How to complete this task> Retype only what runs from the first line of the records to the line with "Gather around a", inclusive, and no pictures.

====================

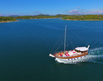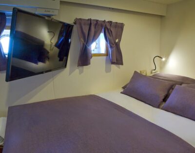 It has a double cabin, a cabin with two double beds (quadruple), and two more double cabins in the bow area.
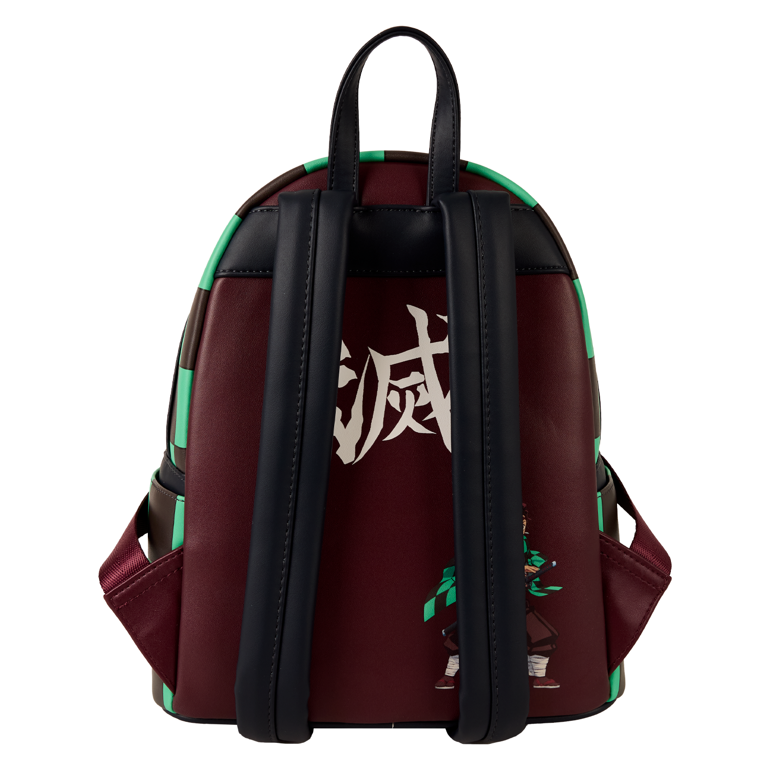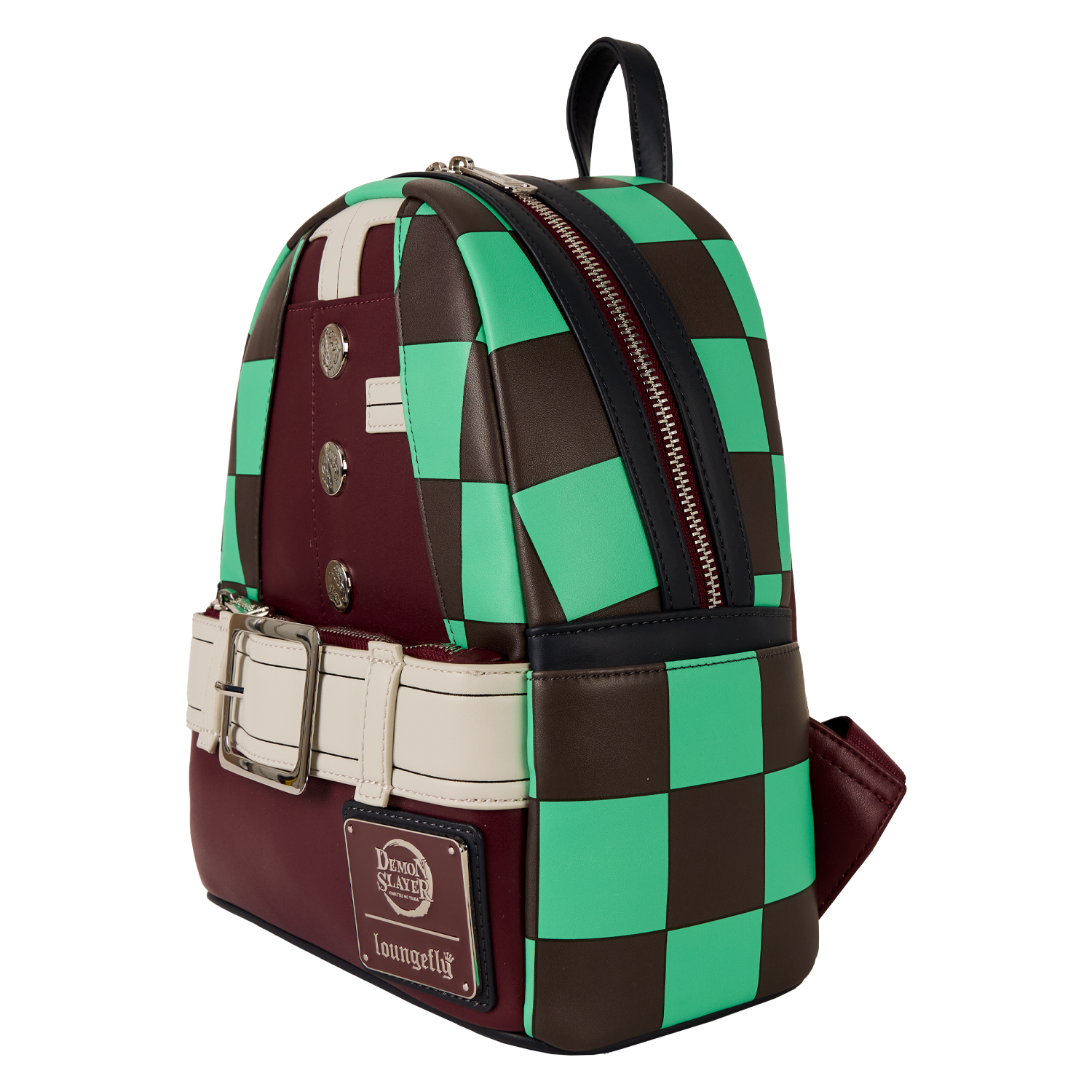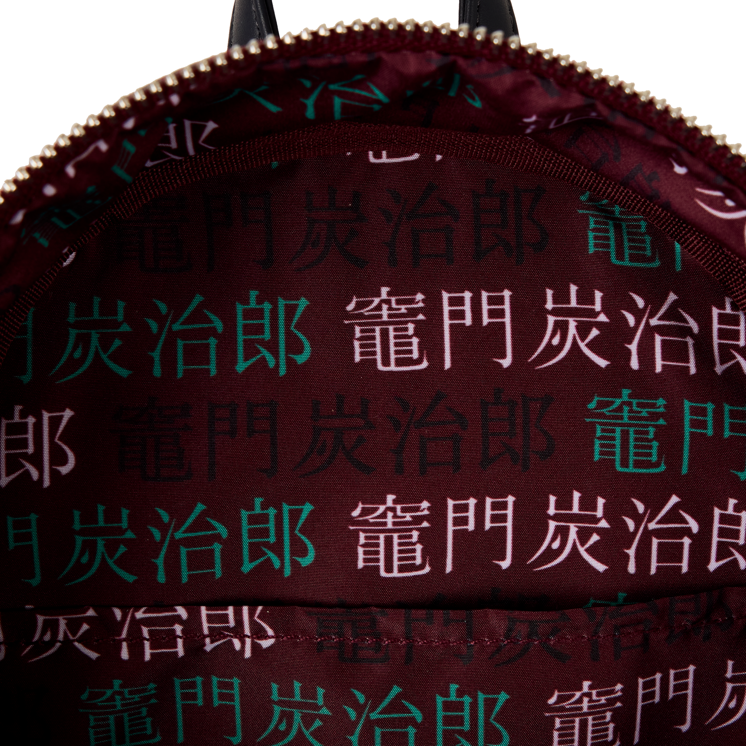 This mini backpack is inspired by the ensemble of Tanjiro Kamado, complete with metal charm buttons and debossed details on his belt. The black-and-green checkered print of his ensemble continues onto the side pockets. On the back, you’ll find an illustration of Tanjiro Kamado!
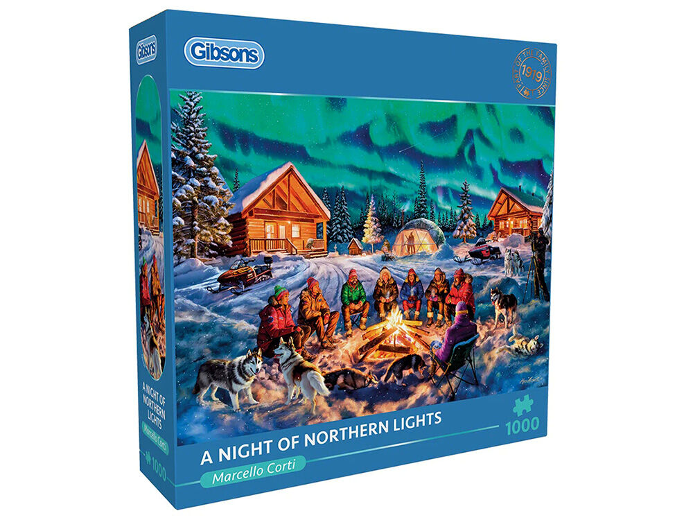 Gather around a crackling fire with a warm mug of cocoa in hand in this 1000 piece jigsaw by Marcello Corti. Friends share tales under the mesmerising northern lights. Meanwhile, husky dogs frolic in the snow, adding a touch of magic to this unforgettable Arctic adventure. As with all Gibsons jigsaws, we use 100% recycled puzzle board, FSC paper and work with the best artists from all around the world. The beautifully illustrated pieces are designed to fit perfectly together; in fact, we use the thickest puzzle board on the market.
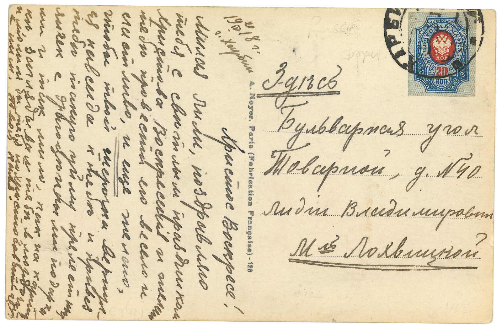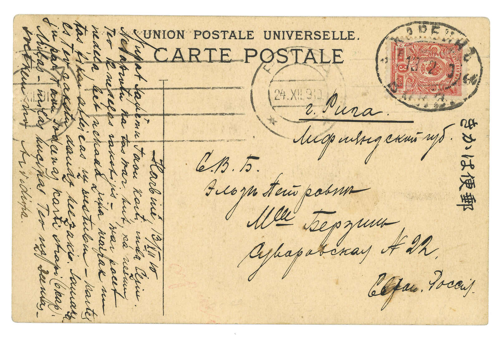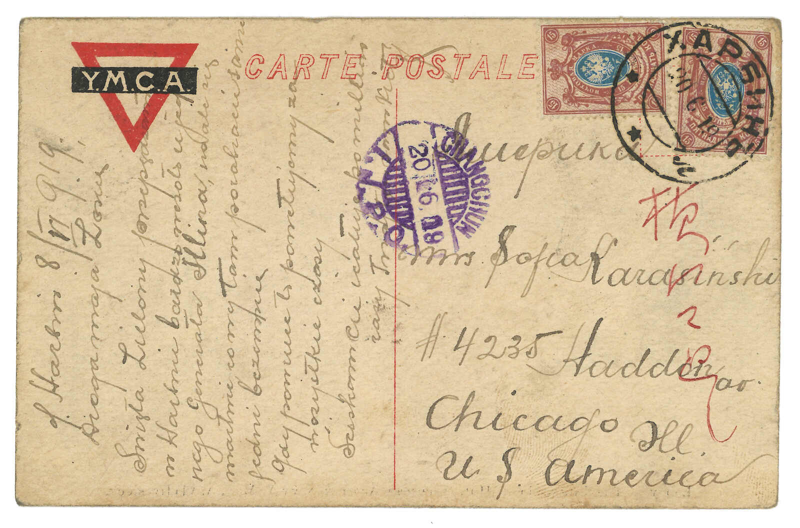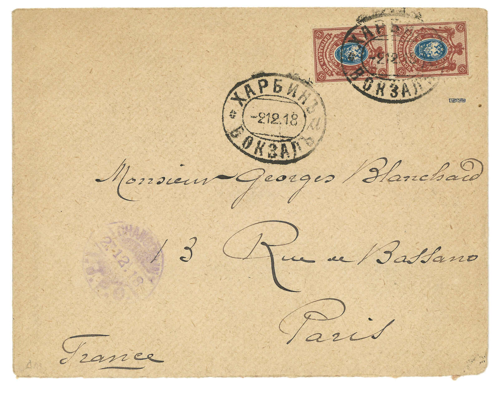 1918.1.22 哈爾濱碼頭寄法屬印支,貼俄國軍徽圖15戈比 + 5戈比,銷哈爾濱碼頭日戳,旁鈐俄文檢查章。2.24經上海中國郵局。3.6抵Tuyen Quang,鈐東京檢查章。由俄國客郵局寄印支十分少見。(Image 1) (Image 2)
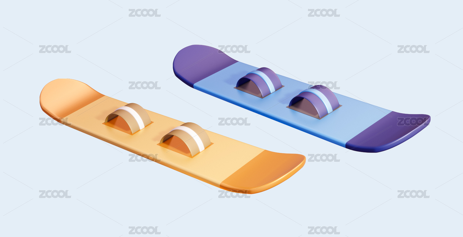 3d卡通冬季滑雪运动滑雪板插画元素
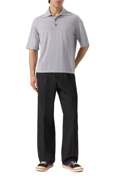 Кеды Slam из телячьей кожи украсили тиснеными логотипами на язычке и заднике. Верх с перфорацией на круглом мысе и брендированной стелькой установили на широкую подошву с протекторным узором Ribbon.

====================

Answer box>
 It has a double cabin, a cabin with two double beds (quadruple), and two more double cabins in the bow area.
 This mini backpack is inspired by the ensemble of Tanjiro Kamado, complete with metal charm buttons and debossed details on his belt. The black-and-green checkered print of his ensemble continues onto the side pockets. On the back, you’ll find an illustration of Tanjiro Kamado!
 Gather around a crackling fire with a warm mug of cocoa in hand in this 1000 piece jigsaw by Marcello Corti. Friends share tales under the mesmerising northern lights. Meanwhile, husky dogs frolic in the snow, adding a touch of magic to this unforgettable Arctic adventure. As with all Gibsons jigsaws, we use 100% recycled puzzle board, FSC paper and work with the best artists from all around the world. The beautifully illustrated pieces are designed to fit perfectly together; in fact, we use the thickest puzzle board on the market.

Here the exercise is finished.